Jane Gibbs and Alex Garlick use Tellagami to introduce the use of QR codes to explore the village of Flore.
Tag Archives: QR codes
QR Safari
Focus
An activity designed to enable two groups to work together to explore an environment.
Suitable for
All ages who can read and write simple questions.
What you need
Mobile devices for scanning codes, each with a QR reader installed (eg. Scan).
A printer. Squares of card in two colours for mounting codes.
‘Treasure’ for both winning groups to find and share.
Internet access for creating the trails. No internet access is needed for carrying out the trail.
What you do
Explain to the groups that you are going to create treasure hunts for each other and that the idea is to do some finding out and exploring about the new place.

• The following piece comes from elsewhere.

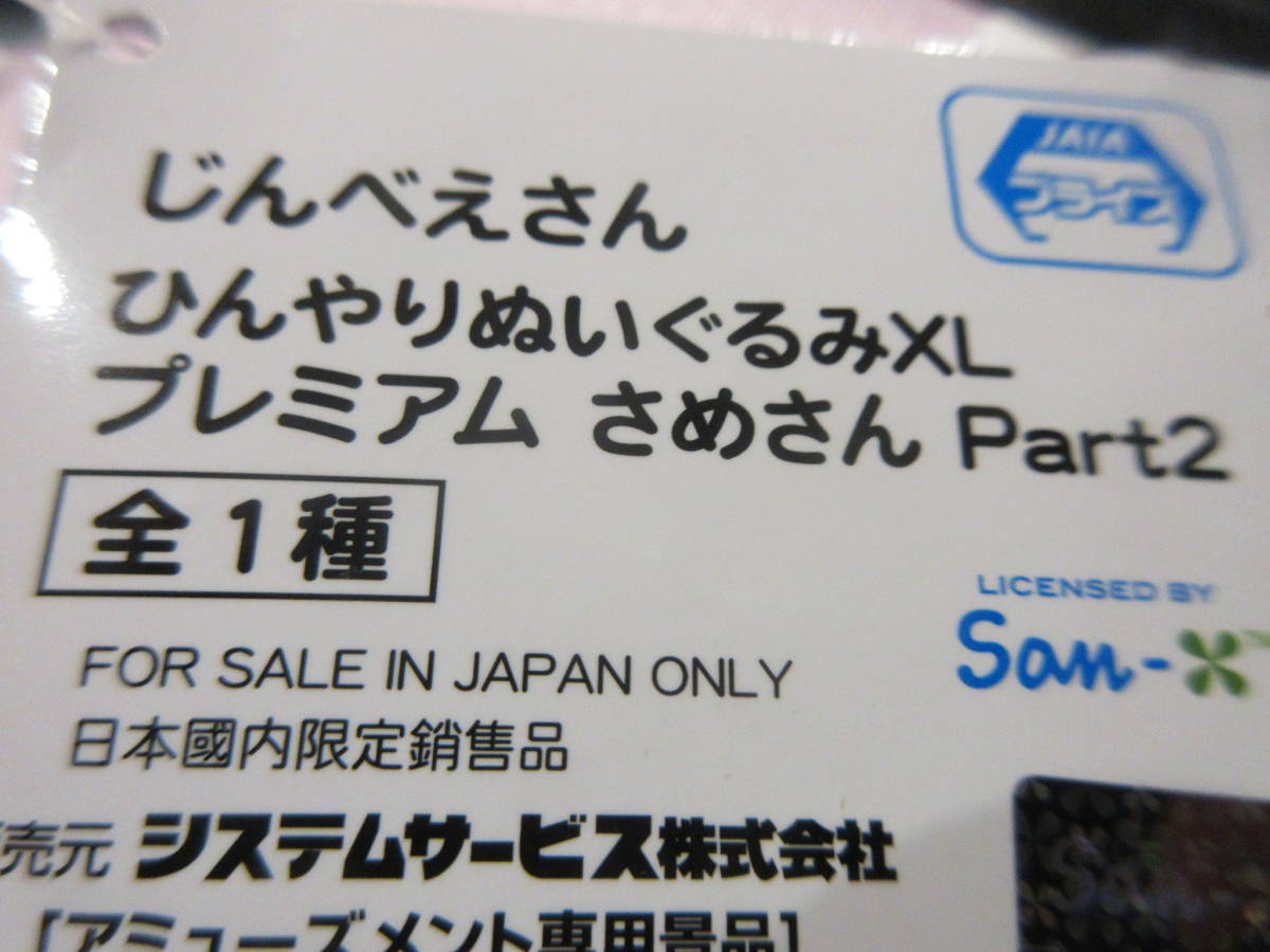 じんべえさん ひんやり ぬいぐるみ XL プレミアム さめさん Part2」 です。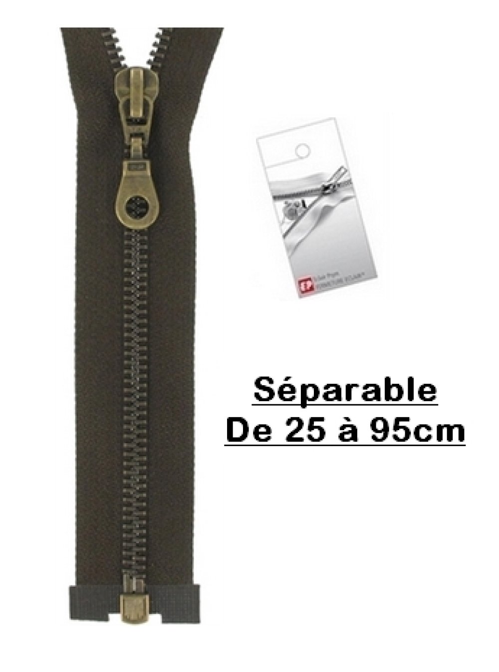 Fermeture Eclair 75cm marron foncé brou de noix séparable pour blouson de la marque Eclair-Prestil Z19

Their first job is to explore the environment as a group. What can they discover by looking, by talking to people or by researching online? What would make an interesting focus for the treasure trail? Encourage them to choose a focus and to be creative in their ideas. The first word of the answers might solve an acrostic puzzle, for example. They can use the notebook on their device to draft questions.
The next step is to visit an online QR Treasure Hunt Generator: http://www.classtools.net/QR . This has a click-through guide to creating a quiz. Questions and answers need to be separated by *. The questions are turned into printable QR codes and the answers are available for reference.
Once they have their printed codes groups stick them to the coloured card and make their trail around the environment. Groups then swap and follow the trails, decoding the questions as they go.
Learning Benefits
Participants gain experience of team working and of exploring an environment. They create and follow instructions.
Taking it Further
Experiment with other code types such as websites, uploaded images, YouTube videos or audio files uploaded to Audioboo or Croak.it.